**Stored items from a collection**
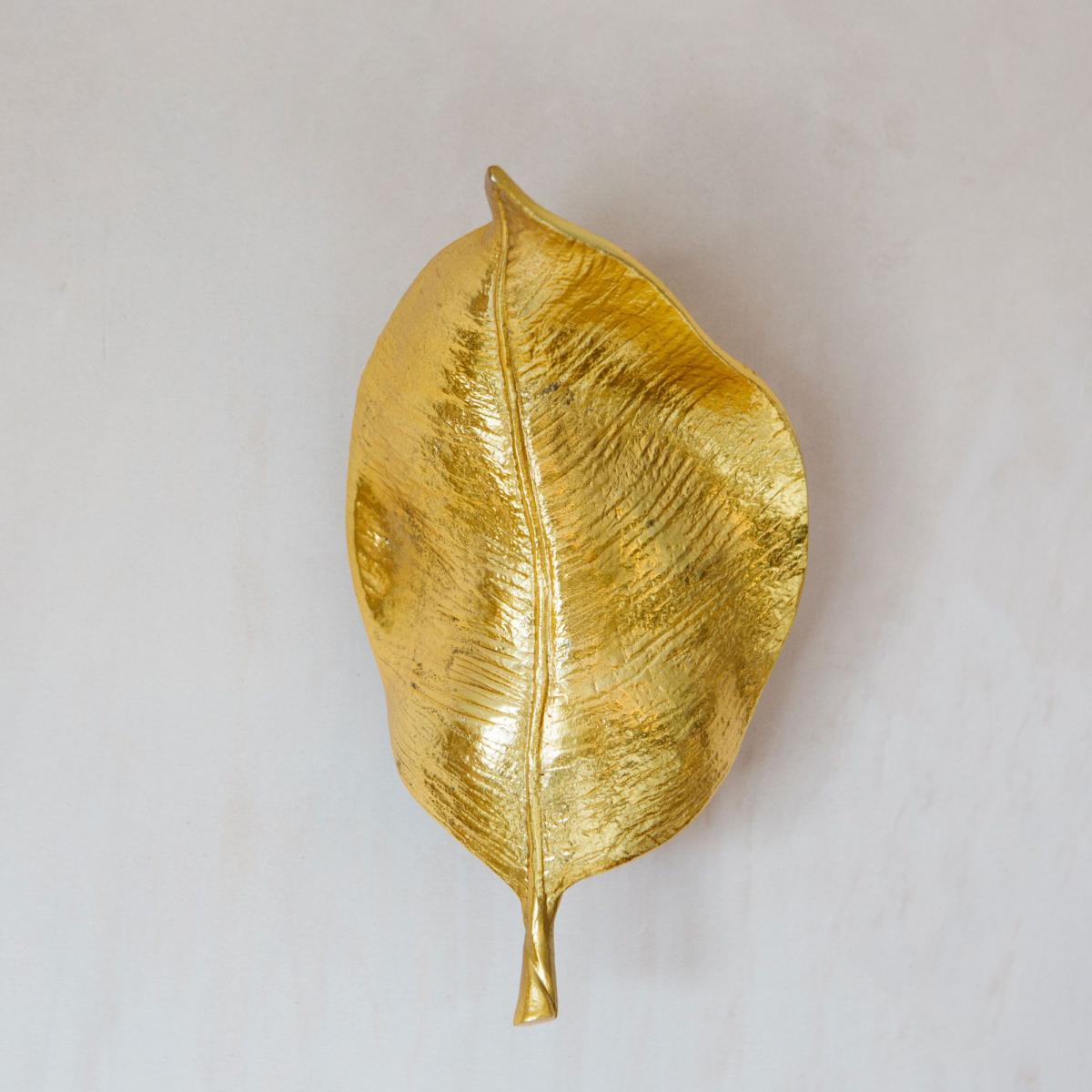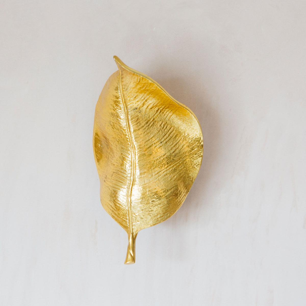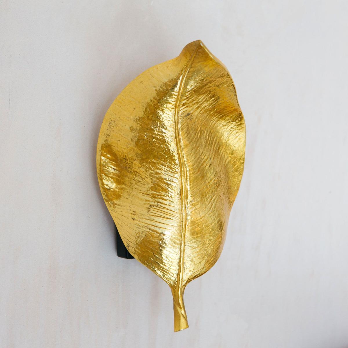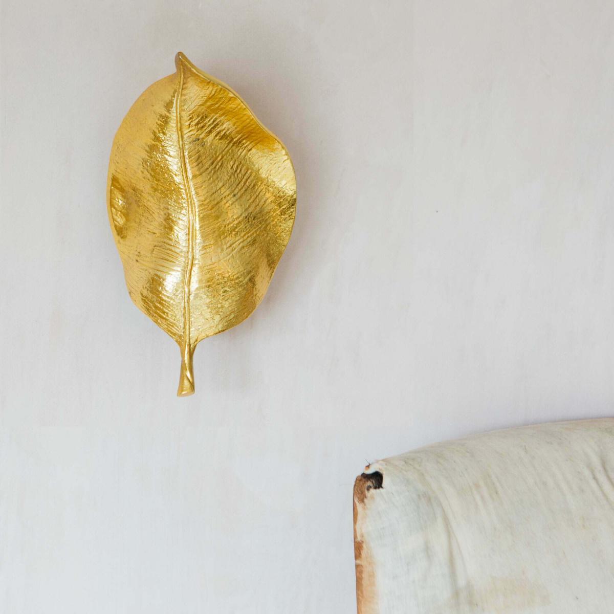Handcrafted from aluminium and brass with an opulent gold finish, this unique leaf-shaped wall light is inspired by the beauty of nature.
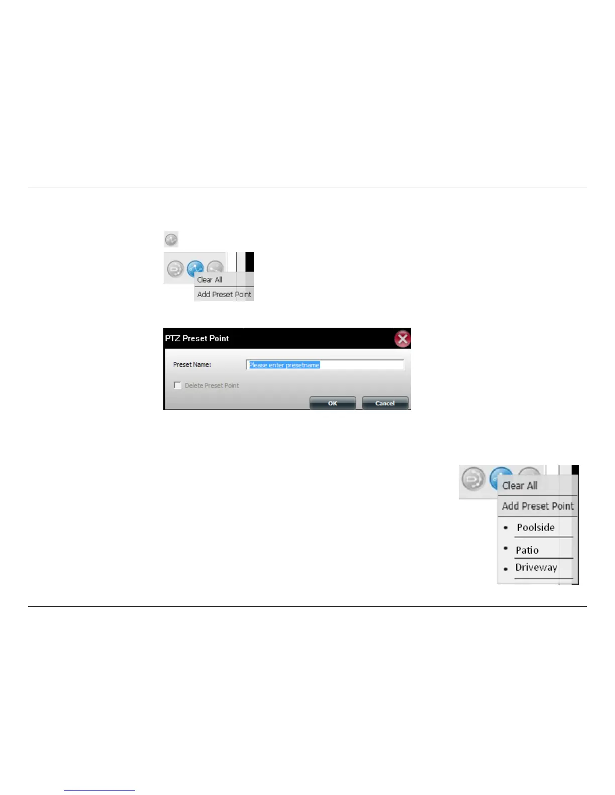 create a new Preset Point. This brings up the PTZ Preset Point box. Enter a Preset Name and
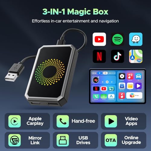 LAMTTO 3-in-1 Magic Video AI Box for Streaming Netflix/YouTube/TikTok, Wireless Carplay Adapter Dongle with USB Drive for OEM Wired Apple Car Play Cars
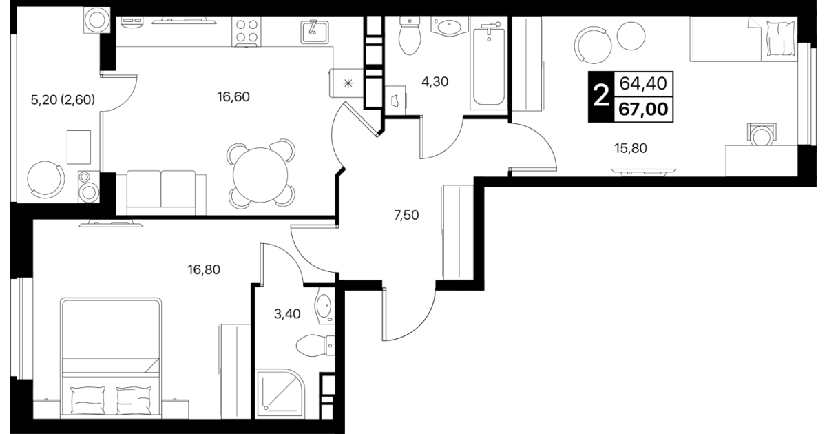 В пакет входит кухня, тюль, корпусная и мягкая мебель, сплит-системы и вся необходимая бытовая техника.
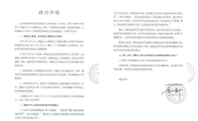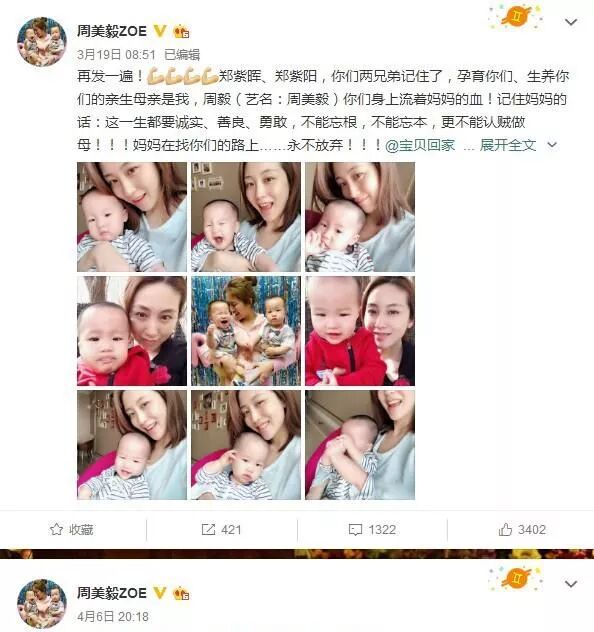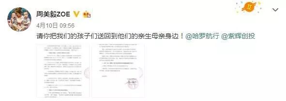4月10号的时候,周美毅更是发了律师声明,“请你把我们的孩子们送回到他们的亲生母亲身边!”点名郑刚,为此杨洋、李沁等人还声援她,引起了争议。
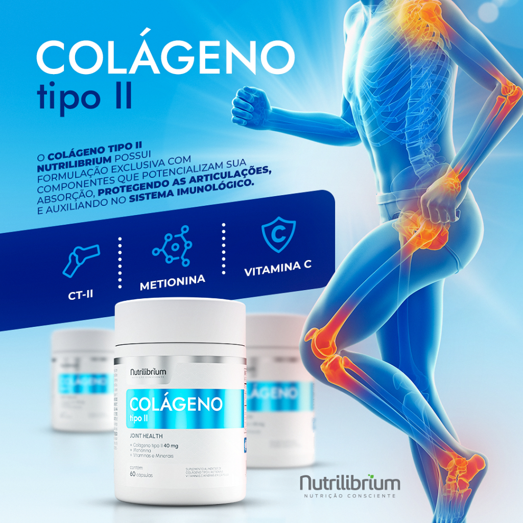 COLLAGEN HIALURON INGREDIENTES: Peptídeos Bioativo de Colágeno Hidrolisado com peso molecular média 2kDa®, Ácido Hialurônico (Hialuronato de Sódio), Vitamina C (Ácido Ascórbico), Vitamina E (Acetato de DL-alfa-tocoferol), Zinco (Sulfato de Zinco Monoidratado), Vitamina A (Acetato de Retinol), Biotina (D-Biotina), Selênio (Selenito de Sódio) e Antiumectante Estearato de Magnésio. INGREDIENTES DA CÁPSULA: Gelatina, Água Purificada e Corante Dióxido de Titânio. SUGESTÃO DE USO: Consumir 3 (três) cápsulas 1(uma) vez ao dia. PRODUTO INDICADO PARA MAIORES DE 19 ANOS. ADVERTÊNCIAS: “ESTE PRODUTO NÃO É UM MEDICAMENTO”. “NÃO EXCEDER A RECOMENDAÇÃO DIÁRIA DE CONSUMO INDICADA NA EMBALAGEM”. “MANTENHA FORA DO ALCANCE DE CRIANÇAS”. “ESTE PRODUTO NÃO DEVE SER CONSUMIDO POR GESTANTES, LACTANTES E CRIANÇAS”. CONSERVAÇÃO: Manter em lugar fresco, não úmido e ao abrigo de luz. Não consumir o produto se o lacre de proteção estiver violado. Após aberto, consumir preferencialmente em 60 dias. _____________________________________________ COLÁGENO TIPO 2 INGREDIENTES: L-Metionina, Colágeno Tipo II (Colágeno de frango com colágeno tipo II não desnaturado), Vitamina C (Ácido Ascórbico), Cobre (Sulfato Cúprico), Vitamina K (Fitomenadiona), Selênio (Selenito de Sódio), Vitamina D3 (Colecalciferol) e Antiumectantes Talco Farmacêutico e Dióxido de Silício. INGREDIENTES DA CÁPSULA: Gelatina, Água Potável Filtrada e Corante Dióxido de Titânio. NÃO CONTÉM GLÚTEN SUGESTÃO DE USO: Consumir 1 (uma) cápsula 1 (uma) vez ao dia. PRODUTO INDICADO PARA MAIORES DE 19 ANOS. ADVERTÊNCIAS: “ESTE PRODUTO NÃO É UM MEDICAMENTO”. “NÃO EXCEDER A RECOMENDAÇÃO DIÁRIA DE CONSUMO INDICADA NA EMBALAGEM”. “MANTENHA FORA DO ALCANCE DE CRIANÇAS”. “ESTE PRODUTO NÃO DEVE SER CONSUMIDO POR GESTANTES, LACTANTES E CRIANÇAS”. CONSERVAÇÃO: Manter em lugar fresco, não úmido e ao abrigo de luz. Não consumir o produto se o lacre de proteção estiver violado. Após aberto, consumir preferencialmente em 80 dias.

**What the task requires**
Each line from the start of the entries above through the line with "4月10号的时候,周美毅更是" should be duplicated exactly, leaving out the pictures.

**Completed exercise**
Handcrafted from aluminium and brass with an opulent gold finish, this unique leaf-shaped wall light is inspired by the beauty of nature.
 create a new Preset Point. This brings up the PTZ Preset Point box. Enter a Preset Name and
 LAMTTO 3-in-1 Magic Video AI Box for Streaming Netflix/YouTube/TikTok, Wireless Carplay Adapter Dongle with USB Drive for OEM Wired Apple Car Play Cars
 В пакет входит кухня, тюль, корпусная и мягкая мебель, сплит-системы и вся необходимая бытовая техника.
4月10号的时候,周美毅更是发了律师声明,“请你把我们的孩子们送回到他们的亲生母亲身边!”点名郑刚,为此杨洋、李沁等人还声援她,引起了争议。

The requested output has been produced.